Estoy enamorado de la madrugada, de todas las madrugadas, de cada una de
ellas, iguales, y diferentes. Iguales por la curiosidad, por la novedad y el
comienzo; diferentes por el mensaje aún indescifrable, por la carga de posibilidades
o frustraciones, por la cordialidad y la poesía, por la frescura y la belleza,
donde viene envuelto con finura el regalo de un nuevo día lleno de incógnitas y
sorpresas alucinantes o rutinarias.
Porque la madrugada es el
momento rítmico diario de estrenar. Estrenar el aire recién refrigerado y
oxigenado, estrenar el sol recién salido, como si apareciera por primera vez,
estrenar el canto de los pájaros silenciado horas ha, estrenar el rumor de las
aguas, aislado toda la noche a causa de un reposo conciliador.
La madrugada es la puerta
abierta a una mayor sabiduría, que nos permite corregir errores, pasar página a
una actitud equivocada, lavarnos las lágrimas del día antes, estrenar una nueva
hoja del libro de la vida, medir nuestras capacidades de éxito , bajar de la
falsa torre de marfil y, por encima de todo, empezar, con energía renovada y
vibrante, la partida hacia el reto,
también nuevo, de un tramo más de nuestro itinerario.
Madrugar es un ejercicio nunca
hecho en solitario. Toda la naturaleza madruga contigo en la renovación
constante de su ritmo vital.
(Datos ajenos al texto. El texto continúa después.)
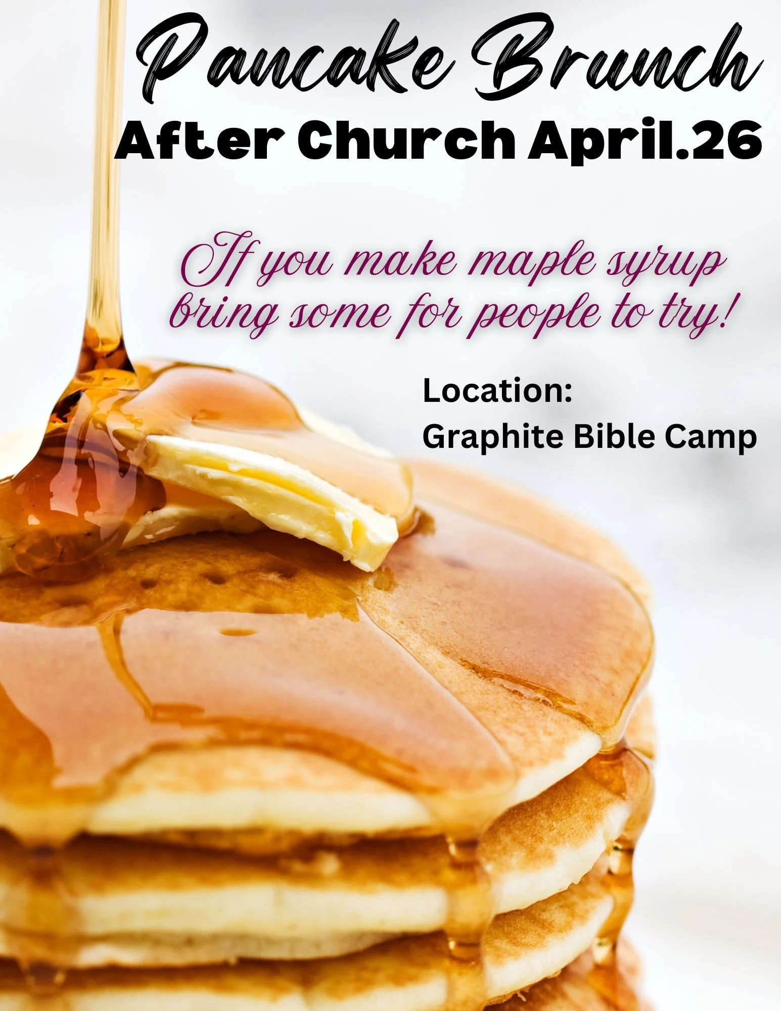 Pancake Lunch Sunday, April 26, 2026 11:15 AM 12:15 PM 11:15 12:15 Graphite Bible Chapel 702b Graphite Road Maynooth, ON, K0L 2S0 Canada (map) Google Calendar ICS

Y la complicidad de todos los seres vivos te hace
percibir el misterio que podríamos llamar solidaridad o, más propiamente,
unidad cósmica. Si uno está acostumbrado a la meditación o a una cierta
disposición contemplativa, tardará poco a sentir el latido de una Vida más
grande, inconmensurable, que se revela cuando se es capaz de escuchar el
silencio y de darse cuenta de que toda vida es movida secretamente -desde
dentro- por la Vida misma.
Es entonces cuando podemos
aprender a ver que la simbiosis de toda vida con Dios no es un hecho
esporádico, propio de momentos mágicos, como la madrugada, o de tiempos
dedicados a la oración, sino el estado habitual, natural y espontáneo que hace
posible el comienzo y la prolongación de toda vida inmanente. La madrugada y la
oración, por su frescura y reposo, se convierten, con todo, en momentos
privilegiados que nos defienden de perder la orientación en la inmensidad del
tiempo y del espacio, y nuestra pertenencia a la Vida verdadera.